The litany of scandals of recent months culminating in the 2G spectrum allocation and the easing out of Telecom Minister Mr A Raja, only revealed the extent of decay in the polity adding to its discomfiture. Abroad, the sheen is off the image of dynamic India on a pristine growth path.

Even if most of the scams originated in private greed with accomplices in every sphere, including bureaucrats, the Government of the day cannot escape blame for smugness and laxity. Its lack of serious attention to bring down double digit food inflation hurting millions for two years was an example of masterly indifference. Mismanagement which it cannot correct within, rather than supply constraint, was the limiting factor as Government had substantial food stocks to be deployed to force down prices but allowed to rot. Glowing speeches suffused with “aam admi” and “inclusive growth” are no substitute for decisive action on the ground.

While the fragile Government withstood successive opposition onslaughts in Parliament over its failure to bring down prices, without running the risk of a vote, and was also lucky to have been spared massive citizen protests over persistent inflation, as in other countries, UPA cannot escape from the opprobrium for the scandals under its nose. No doubt, certain swift actions have been taken in cases where Congressmen holding public office were involved or came under cloud.

The winter session of Parliament had to be adjourned sine die without doing any business for 20 days as a determined opposition led by BJP insisted on a JPC probe into the telecom scandal while the Government firmly rejected the demand maintaining that all related issues were under investigation at appropriate levels and the CAG report hinting at a massive loss to the exchequer was being gone into by the Public Accounts Committee of the two Houses.

But there will be no getting away for the Government for months to come from the shadow of the Legion of Scams, some of the starred ones like 2G spectrum allocation already under CBI investigation. More importantly, the Supreme Court is now seized of all aspects of the telecom scandal and hearings are on. The Court has also called for the complaint on the basis of which authorities started tapping the telephones of corporate lobbyist Niira Radiah with a host of people including politicians, corporate leaders and media personalities.

With the coalition constraints, which have taken a heavy toll of the prestige of Government, it was not easy for the Prime Minister to call for the resignation of Mr Raja at an early stage, even when he was flouting procedures laid down for issue of spectrum allocation licences. This was because he was the chosen nominee for the key portfolio of the DMK leader Mr Karunanidhi., who even staged a drama of sorts in the capital in May 2009 to get him installed as he desired.

Even as a verdict on Mr Raja’s alleged involvement in a mighty fraud will take some time, Mr Karunanidhi is re-working his strategy to face a formidable foe in AIDMK leader Ms. Jayalalithaa, in the Assembly elections in May. After stoutly defending Mr Raja, playing his ‘Dalit” card, Mr Karunanidhi now says if allegations against him are proved, he would be expelled from DMK. Mr Karunanidhi needs the Congress more than before for the DMK-led alliance in Tamil Nadu, evidently giving up his earlier dream of going it alone to establish a “Dravidian state”. He had sidelined the Congress for power-sharing for five years.
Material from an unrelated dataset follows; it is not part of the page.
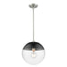 Mid-century modern design with a modern twist, these fashionable orbs are highly customizable. Available in clear or opal glass with plated chrome, pewter or brass or smooth matte black hardware. Caps are available in a number of accent colors to further customize your look. Choose colors and finishes that complement your existing décor or design your entire room around your favorite color combination. This large pendant is comfortably sized for a small nook or island and may be hung individually or arrayed as a set.
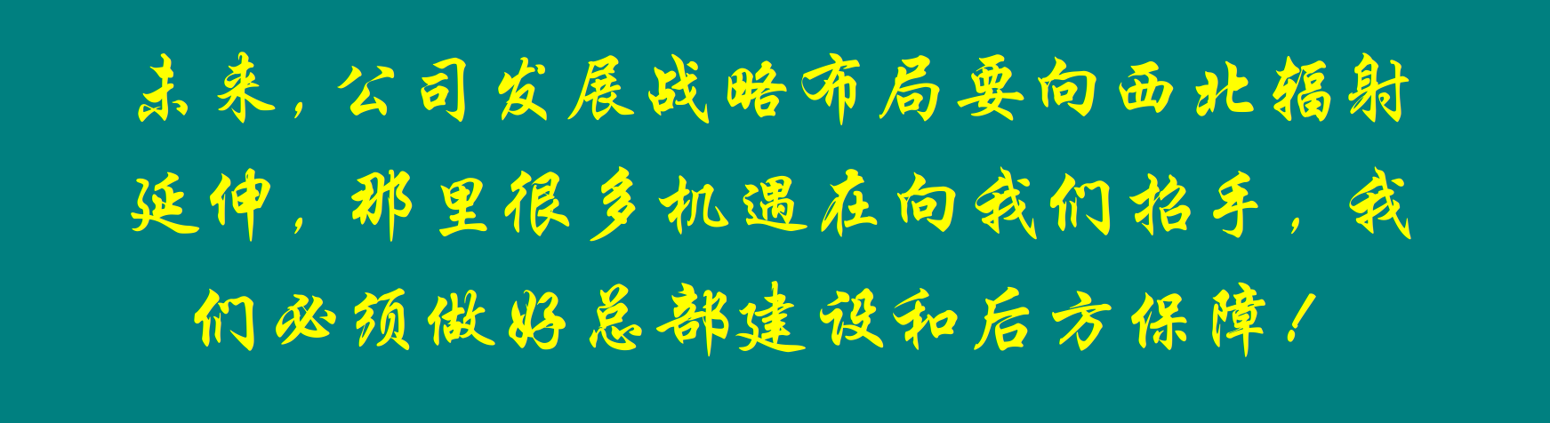 剛才,掌門人新疆發回信息,回復:“可,拿下!為下一步鋪路!”未來,公司發展戰略布局要向西北輻射延伸,那里很多機遇在向我們招手,我們必須做好總部建設和后方保障!

Ms. Sonia Gandhi, Congress President, with all the praise she has showered on the DMK leader, since 2004, for his role in enabling UPA’s ascent to power at the Centre, may play safe while securing a stronger footing for her party in post-election power-sharing. The Congress, ensconced at the Centre, is working on its own strategy of survival of a Government with a battered image and growing doubts about its ability to steer its way out of the current turmoils to be able to give the country not merely economic growth but clean administration and credible governance.

Ms. Gandhi acknowledged recently that while the economy may be increasingly dynamic, “our moral universe seems to be shrinking”. The tapped phone calls of corporate lobbyist Naiira Radia, working for two major conglomerates, as leaked out in sections of the press, have brought to light murky dealings in high places, as if to validate the Congress President’s observations.

The reverberations of scandals in India and the leaked telephone tappings have spread far and wide, dismayed investor firms and evoked depressing commentary from global economy watchers who tend to see an outgrowth of “crony capitalism and inadequate oversight” fuelling widespread skepticism about the Indian economy. Both Indian governance and capitalism have come under a major test and it remained to be seen whether the system could mete out punishment for wrongdoing, according to a report in the New York Times. The scandal has even tarnished the Prime Minister Dr Manmohan Singh considered “the most upright and squeaky politician in India” the report said.

The newspaper quoted warnings of damage to the economy and social fabric from unfettered corruption by two leading US-based Indian economists who have in the past advised the Government on financial sector issues. ‘Graft-ridden approach to privatization could leave long-lasting scars that hold India back from reaching its potential”, said Prof Eswar S. Prasad of Cornell University. Open corruption and rising stark disparities in wealth are “a volatile mix that could affect social stability if the benefits of growth do not filter down”, he added. Prof. Raghuram G Rajan at the University of Chicago said if people got away with taking bribes and no one was getting punished in the government structure, “everyone starts trying to do it”. Big corruption with little punishment becomes an even worse disease”.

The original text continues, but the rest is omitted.